ANOTHER passage of this apostle, which shows that all who are made partakers of  the benefits of Christs redemption, are in their first state wicked, desperately wicked, is  Rom. 5:6-10, For when we were yet without strength, in due time Christ died for the  ungodly. For scarcely for a righteous man will one die; yet peradventure for a good man  some would even dare to die. But God commendeth his love towards us, in that while we  were yet sinners, Christ died for us. Much more then, being now justified by his blood,  we shall be saved from wrath through him. For if while we were enemies we were  reconciled to God through the death of his Son; much more, being reconciled, we shall  be saved by his life. Here all for whom Christ died, and who are saved by him, are  spoken of as being in their first state sinners, ungodly, enemies to God, exposed to divine  wrath, and without strength, without ability to help themselves, or deliver their souls  from this miserable state.

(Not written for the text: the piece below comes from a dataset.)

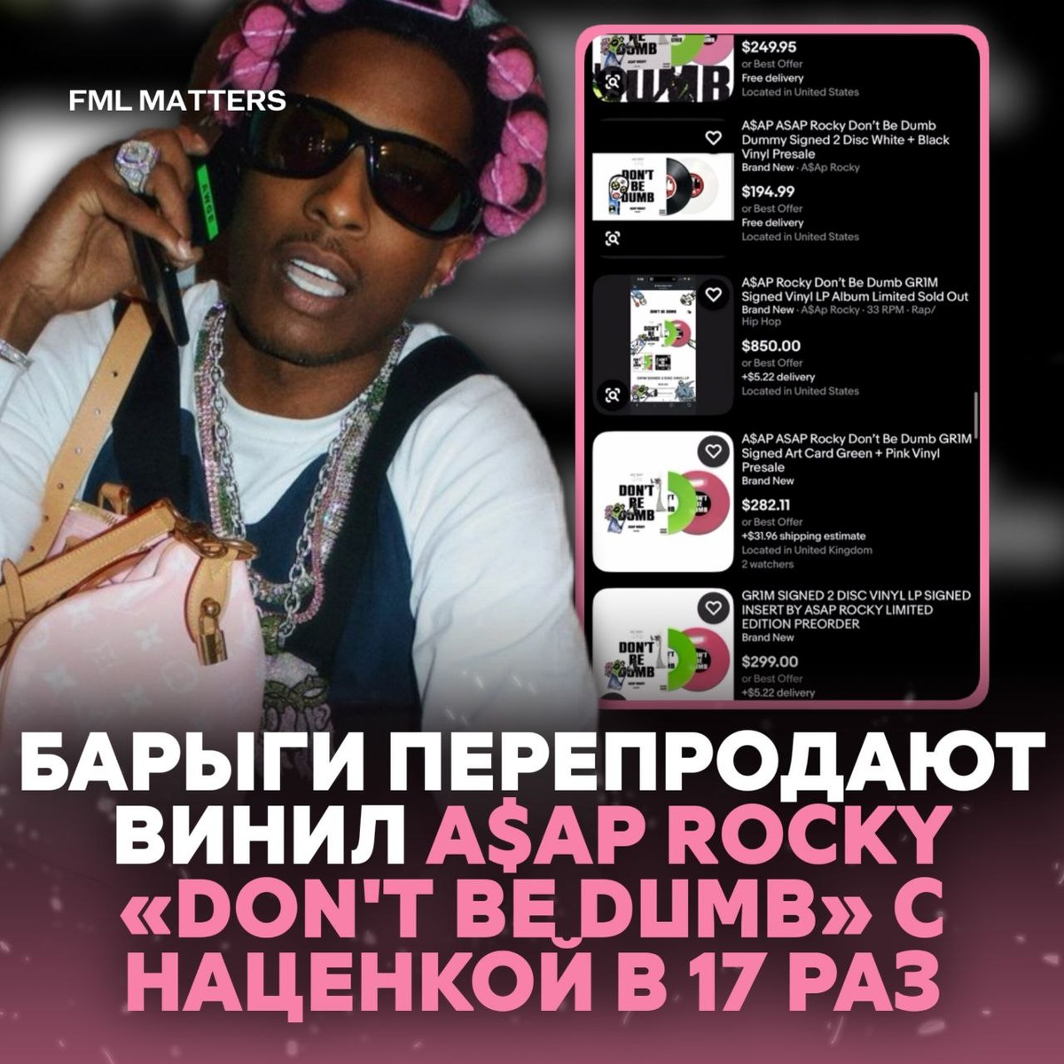 ! Этой ночью Рокки запустил продажу лимитированных подписанных виниловых изданий альбома «DON’T BE DUMB» в трёх вариантах: «GR1M», «MR. MAYERS» и «CRASHOUT DUMMY». Весь тираж был распродан за первые 30 минут при исходной цене около $50. Уже сейчас на местном авито, пластинки с подписью Рокки перепродают по цене от $194 до $850. Норм бизнес? ❤️🔥 / 👎 💀 FML MATTERS

Dr. T. says, the apostle here speaks of the Gentiles only in their heathen state, in  contradistinction to the Jews; and that not of particular persons among the heathen  Gentiles, or as to the state they were in personally; but only of the Gentiles collectively  taken, or of the miserable state of that great collective body, the heathen world: and that  these appellation, sinners, ungodly, enemies, etc. were names by which the apostles in  their writings were wont to dignify and distinguish the heathen world, in opposition to  the Jews; and that in this sense these appellations are to be taken in their epistles, and in  this place in particular [Page 114-120. See also Dr. T.s Paraph. and notes on the place.].  And it is observable, that this way of interpreting these phrases in the apostolic writings  is become fashionable with many late writers; whereby they not only evade several clear  testimonies to the doctrine of original sin, but make void great part of the New  Testament; on which account it deserves the more particular consideration.

It is allowed to have been long common and customary among the Jews, especially  the sect of the Pharisees, in their pride, and confidence in their privileges as the peculiar  people of God, to exalt themselves exceedingly above other nations, and greatly to  despise the Gentiles, calling them by such names as sinners, enemies, dogs, etc.  Themselves they accounted, in general (excepting the publicans, and the notoriously  profligate), as the friends, the special favorites and children, of God; because they were  the children of Abraham, were circumcised, and had the law of Moses, as their peculiar  privilege, and as a wall of partition between them and the Gentiles.

But it is very remarkable, that a Christian divine, who has studied the New  Testament, and the epistle to the Romans in particular, so diligently as Dr. T. has done,  should so strongly imagine that the apostles of Jesus Christ countenance and cherish  these self-exalting, uncharitable dispositions and notions of the Jews which gave rise to  such a custom, so far as to fall in with that custom, and adopt that language of their pride  and contempt; and especially that the apostle Paul should do it. It is a most unreasonable  imagination on many accounts.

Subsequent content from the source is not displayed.